M. Bréal est tellement pénétré des défauts de l’internat qu’il est porté à les exagérer. Il les exagère dans le tableau qu’il fait de la condition matérielle de nos lycées, qu’il peint beaucoup trop en noir. Il les exagère également dans les conséquences qu’il attribue à notre goût invétéré pour ce mode d’éducation. Il lui impute les « proportions colossales » de quelques-uns de nos lycées. L’installation d’un internat exigeant des frais considérables, nous aimons mieux agrandir outre mesure un lycée déjà trop peuplé, dussions-nous y multiplier les divisions d’une même classe, que de créer des lycées nouveaux pour un nombre croissant d’élèves.

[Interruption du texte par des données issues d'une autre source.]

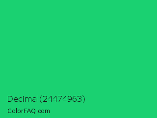 Decimal 24474963 Color is a normal green color and the nearest color is UFO Green #3cd070. Hex code #1ad171 and RGB value is rgb(26,209,113). In RGB color space, this color is composed of 10% red, 82% green, 44% blue, In CMYK color space, this color is composed of 88% cyan, 0% magenta, 46% yellow , 18% black , In HSL color space, this color has a hue angle of 149° , 78% saturation and 46% lightness.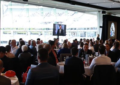 Set within a beautifully appointed room featuring floor-to-ceiling glass frontage, the lounge overlooks the MCG playing surface and provides an elevated view of the pre-game build-up. This premium function includes reserved seating directly in front of the room, ensuring easy access to your seat and uninterrupted game-day atmosphere.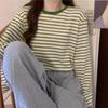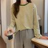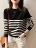 2025 Camiseta Delgada de Cuello Redondo y Manga Larga para Mujer Otoño Nuevo Suelta Slim Más Fácil de Combinar Camiseta Básica a Rayas Top para Mujer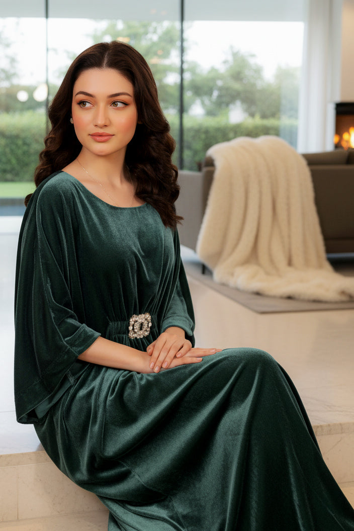 Blending regal charm with winter warmth, VELORIA embodies the essence of timeless sophistication. Each kaftan crafted from premium imported velvet - flows with graceful ease, offering an elegant silhouette that combines modern refinement with traditional modesty. The smooth velvet texture, radiant sheen, and crystal-embellished brooches bring understated glamour to every movement.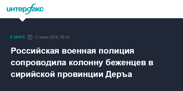 Москва. 12 июля. INTERFAX.RU - Российские военные сопроводили очередную колонну беженцев из Босры-Эш-Шам в освобожденный от боевиков населенный пункт Эн-Найм в провинции Деръа, сообщили в российском центре примирения.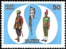 The Jat Regiment also known as The Royal Jats is an infantry regiment of the Indian Army, of which it is one of the longest-serving and most decorated regiments.[2] The regiment has won 19 Battle Honours between 1839 and 1947,[3] and post-independence it has won Five Battle Honours, including 3 Ashok Chakra, 2 Victoria Cross, 2 George Cross, 13 Kirti Chakra, 8 Mahavir Chakra, 3 Military Medal, 53 Shaurya Chakras, 39 Vir Chakras and 343 Sena Medals.[2][4] During its 200-year service history, the regiment has participated in various actions and operations in India and abroad, including the First and the Second World Wars. Numerous battalions of the Jat Regiment, including the 14th Murray's Jat Lancers, fought in the First World War.[5]

M. Bréal oublie que le plus peuplé des lycées de Paris, celui qui a reçu dans ces dernières années les agrandissemens les plus énormes, est le lycée Fontanes, qui n’a que des externes[1]. Les raisons d’économie qui font préférer un lycée agrandi à un nouveau lycée sont indépendantes de la question des internats. S’il faut une installation

  1. D’après le rapport présenté au conseil supérieur de l’instruction publique par M. Gréard, vice-recteur de l’académie de Paris, le lycée Fontanes comptait à la rentrées des classes, en 1880, 1,631 élèves. Venaient ensuite le lycée Louis-le-Grand avec 1,376 élèves et le lycée Charlemagne, autre lycée d’externes, avec 1,009.